THE PROBLEM: Pictures are to be skipped. Retype exactly the lines from the top of the material through the one with "ദുബായിലേക്ക് ഹോട്ടൽ ഫീൽഡ്", and only those.

SUPPLIED MATERIAL:
*** Block opens ***

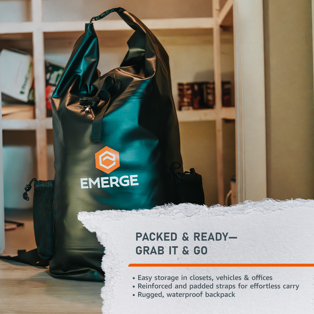 3 days. 1 bag. Everything you need. The Emerge Survival 72-Hour Kit is stocked and ready for disasters that can strike at any moment. Available in 1 or 2-person options.
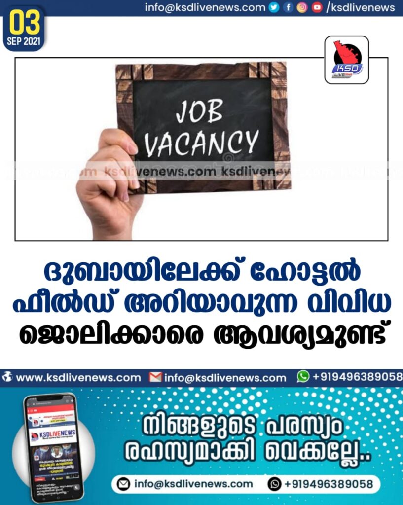 ദുബായിലേക്ക് ഹോട്ടൽ ഫീൽഡ് അറിയാവുന്ന വിവിധ ജൊലിക്കാരെ ആവശ്യമുണ്ട്
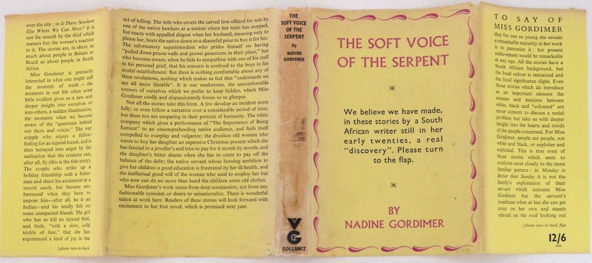 The first UK edition of the Nobel Laureate's second book and first to be published outside of South Africa, following Face to Face published in Johannesburg in 1949. The front panel of the dustwrapper states: "We believe we have made, in these stories by a South African writer still in her early twenties, a real discovery".
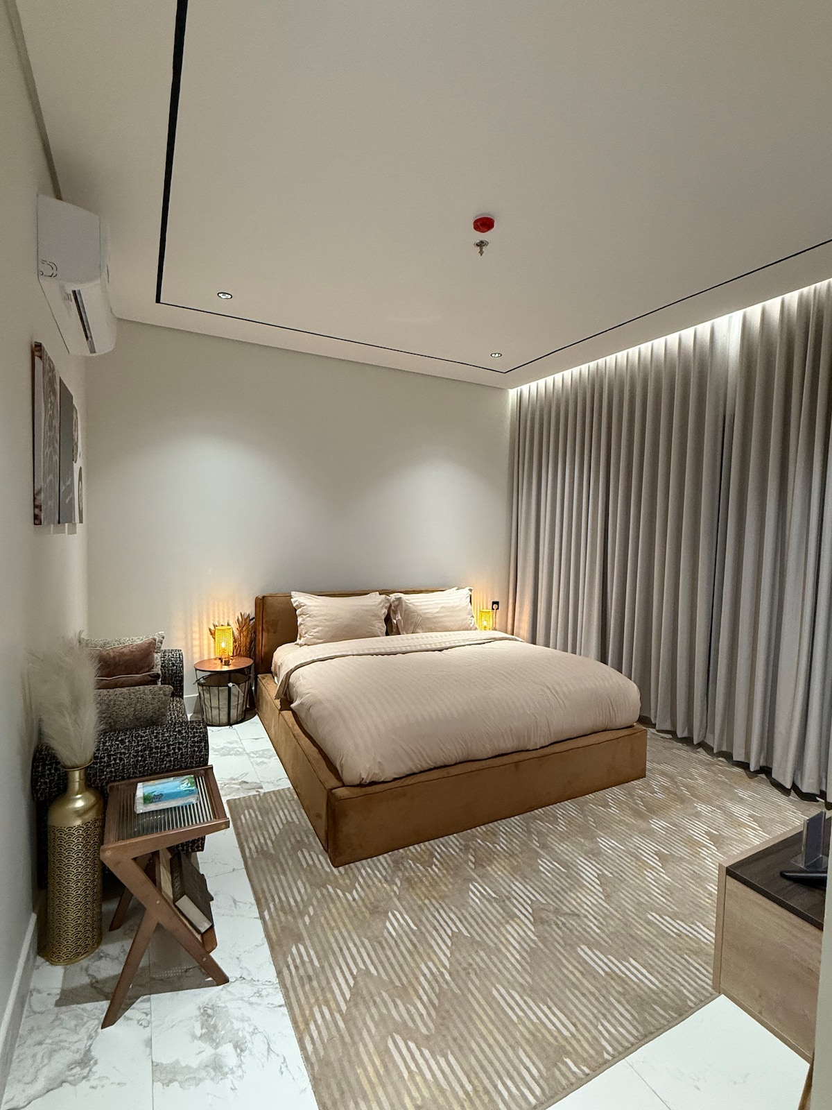 شقة مكونة من غرفة وصالة انيقه وهادئه بحي السيف – موقع مميز على بُعد دقيقة من بحر الراكة والتركات، 6 دقائق من الظهران إكسبو، و10 دقائق من جامعة الإمام عبدالرحمن بن فيصل مجهز بسرير مريح، شاشة سمارت، مكيف بارد، واي فاي، دخول ذكي، ومواقف متوفرة. مثالي للإقامات الهادئة والمميزة في قلب الخبر
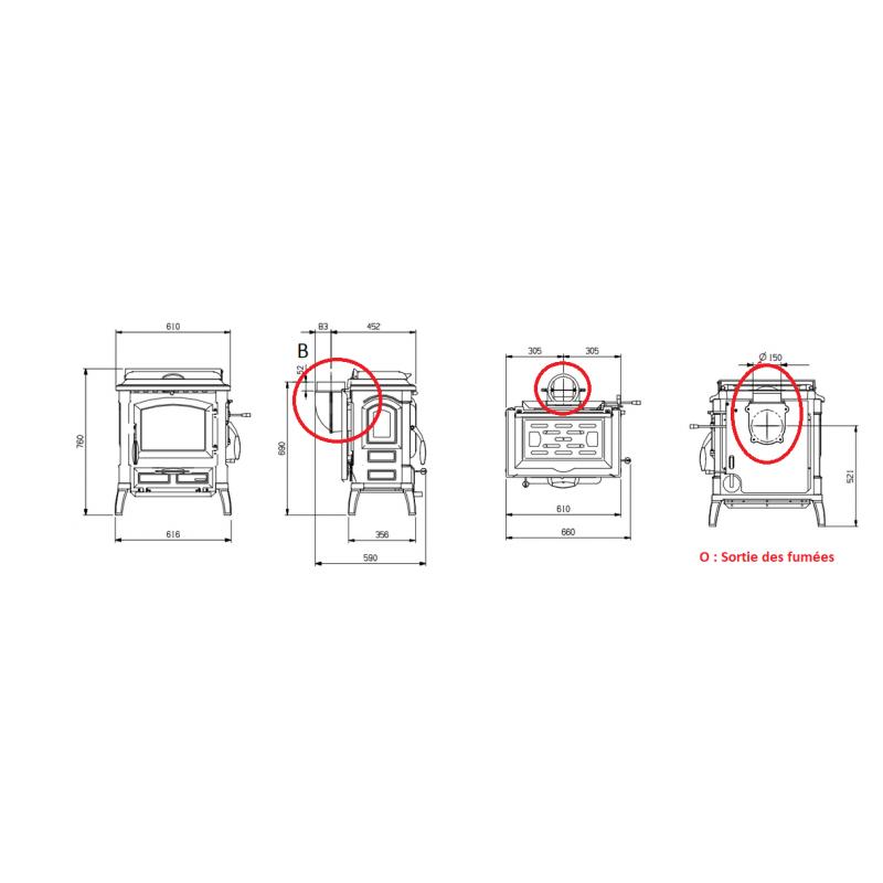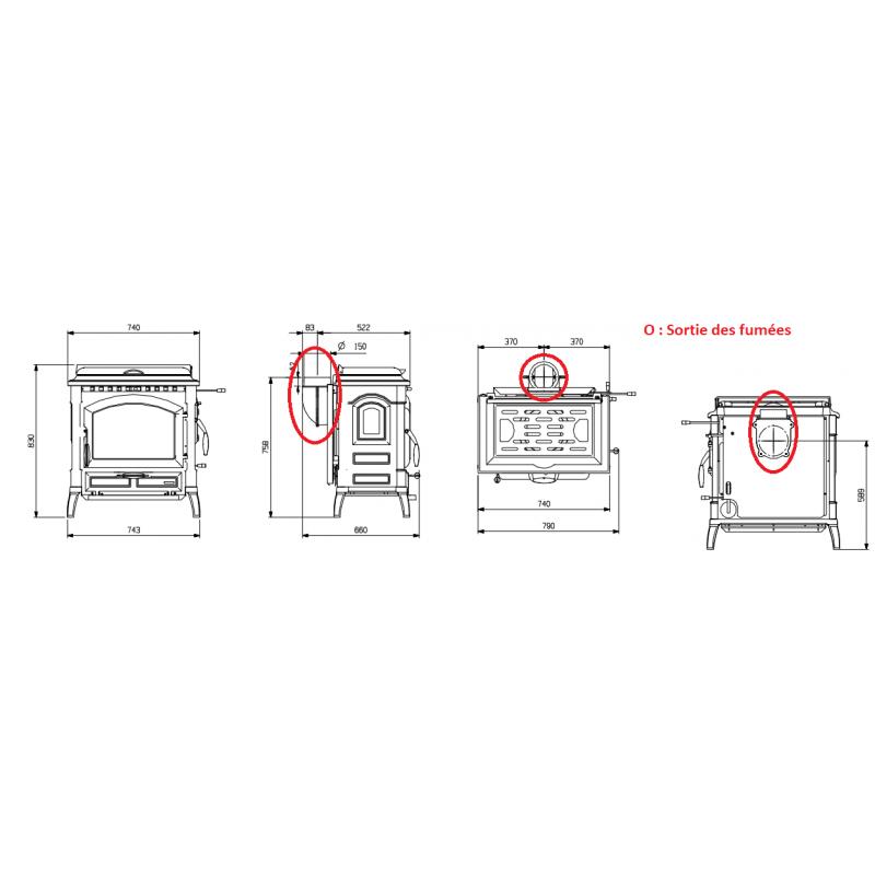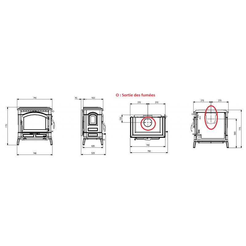 Technisches Diagramm des Holzofens – LA NORDICA Isotta Evo 14,5 kW
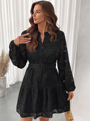 Langärmliges Jacquard-Mini-Skaterkleid mit Gürtel für Herbst 2025 & Damenmode > Kleider > Bluse Kleider
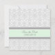 Tillkännagivandekort för bröllop spara datum med elegant ljus pastellmynta, grönt för grått och vit blommigt, dammbad. Anpassade med dina bröllop-uppgifter, som finns i ett stort antal matchande bröllop-produkter. Kontakta oss för att begära en ändring av färg eller en anpassningsbar.
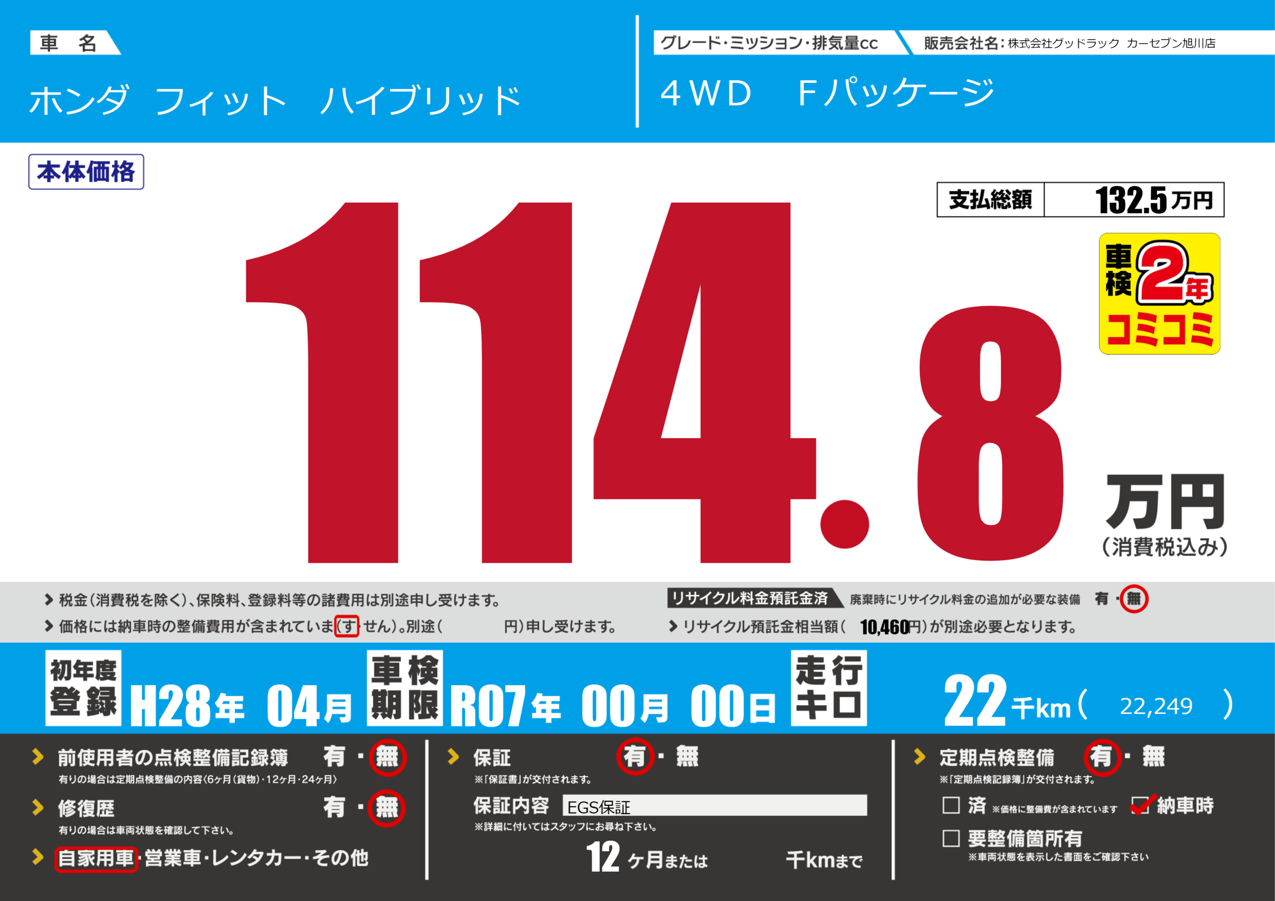 | 車名 | ホンダ フィット ハイブリッド | グレード ミッション 排気量 |

*** Block closes ***

THE ANSWER:
 3 days. 1 bag. Everything you need. The Emerge Survival 72-Hour Kit is stocked and ready for disasters that can strike at any moment. Available in 1 or 2-person options.
 ദുബായിലേക്ക് ഹോട്ടൽ ഫീൽഡ് അറിയാവുന്ന വിവിധ ജൊലിക്കാരെ ആവശ്യമുണ്ട്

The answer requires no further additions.